- _What needs to be done_: The listing below has to be output exactly as given, less its pictures.

= = =

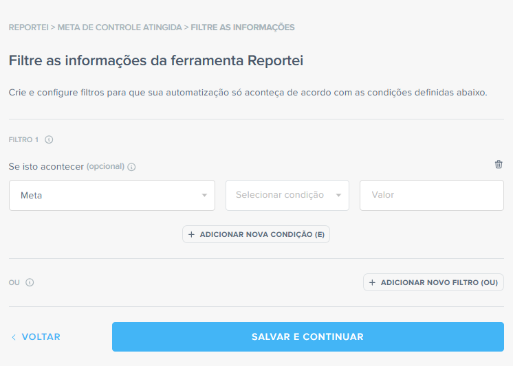 Se não precisar de filtros, basta clicar em “Salvar e continuar” para avançar.
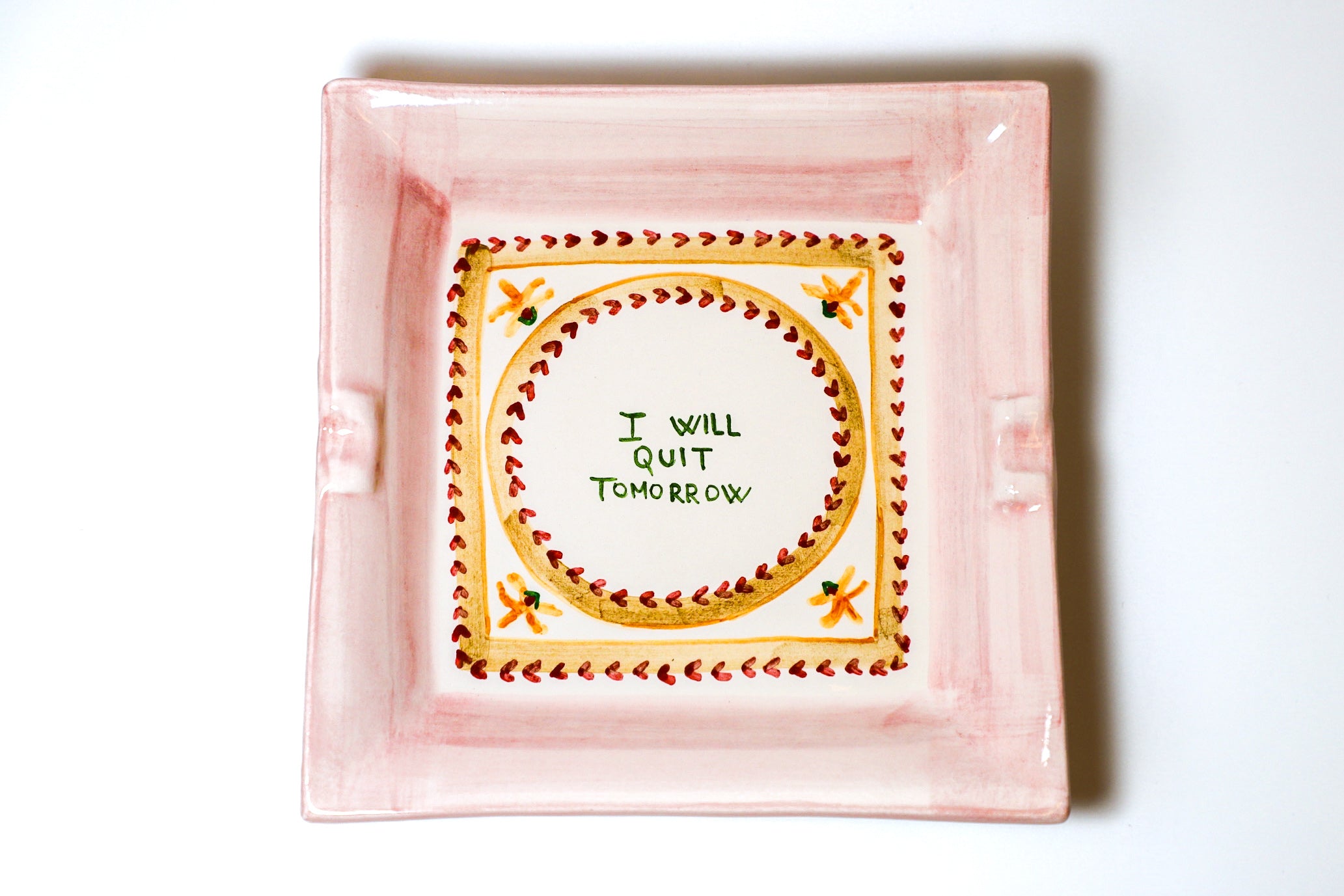 I Will Quit Tomorrow Ashtray Pink is backordered and will ship as soon as it is back in stock.
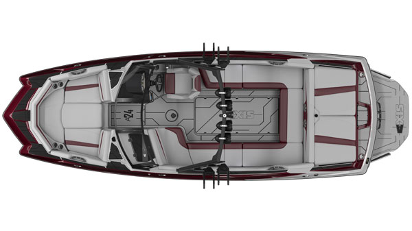 At 24 feet,  this is the biggest boat in the Axis Line. With seating for 17 and 4,875 pounds of available ballast loading down the patented Wake Plus Hull, the A24 delivers a truly pro-level wake with no one left behind. Opt for the Performance Surf Package to bring the ocean inland with Surf Gate, Surf Band and the Power Wedge III. On top of that, upscale amenities like the new soft Grip foam flooring, Rear-Facing sliding Skybox Seat and enormous pickle-fork bow make the A24 the undisputed total package.
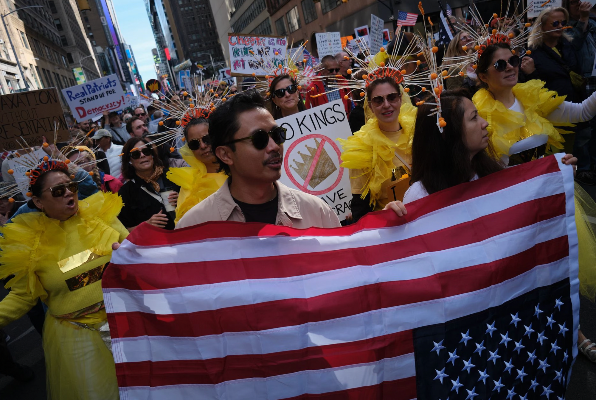 ‘노 킹스(No Kings)’ 시위는 19일 미국 50개 주에서 동시다발적으로 진행돼, 수백만 명이 거리로 나왔다. 참가자들은 “1776년 이후로 왕은 없다(No Kings Since 1776)” “이건 내 생애 첫 독재라 미안하다” 등의 문구가 적힌 피켓을 들고 트럼프 행정부에 항의했다.
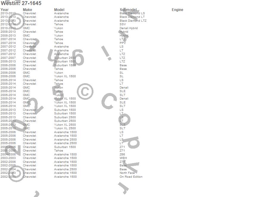 Below is an abbreviated list of applications for the Running Board Mount Kit.Avalanche, Avalanche 1500, Avalanche 2500, Suburban 1500, Suburban 2500, Tahoe, Yukon, Yukon XL 1500, Yukon XL 2500, Chevrolet, GMC, 2014, 2013, 2012, 2011, 2010, 2009, 2008, 2007, 2006

= = =

- _Response to this exercise_:
 Se não precisar de filtros, basta clicar em “Salvar e continuar” para avançar.
 I Will Quit Tomorrow Ashtray Pink is backordered and will ship as soon as it is back in stock.
 At 24 feet,  this is the biggest boat in the Axis Line. With seating for 17 and 4,875 pounds of available ballast loading down the patented Wake Plus Hull, the A24 delivers a truly pro-level wake with no one left behind. Opt for the Performance Surf Package to bring the ocean inland with Surf Gate, Surf Band and the Power Wedge III. On top of that, upscale amenities like the new soft Grip foam flooring, Rear-Facing sliding Skybox Seat and enormous pickle-fork bow make the A24 the undisputed total package.
 ‘노 킹스(No Kings)’ 시위는 19일 미국 50개 주에서 동시다발적으로 진행돼, 수백만 명이 거리로 나왔다. 참가자들은 “1776년 이후로 왕은 없다(No Kings Since 1776)” “이건 내 생애 첫 독재라 미안하다” 등의 문구가 적힌 피켓을 들고 트럼프 행정부에 항의했다.
 Below is an abbreviated list of applications for the Running Board Mount Kit.Avalanche, Avalanche 1500, Avalanche 2500, Suburban 1500, Suburban 2500, Tahoe, Yukon, Yukon XL 1500, Yukon XL 2500, Chevrolet, GMC, 2014, 2013, 2012, 2011, 2010, 2009, 2008, 2007, 2006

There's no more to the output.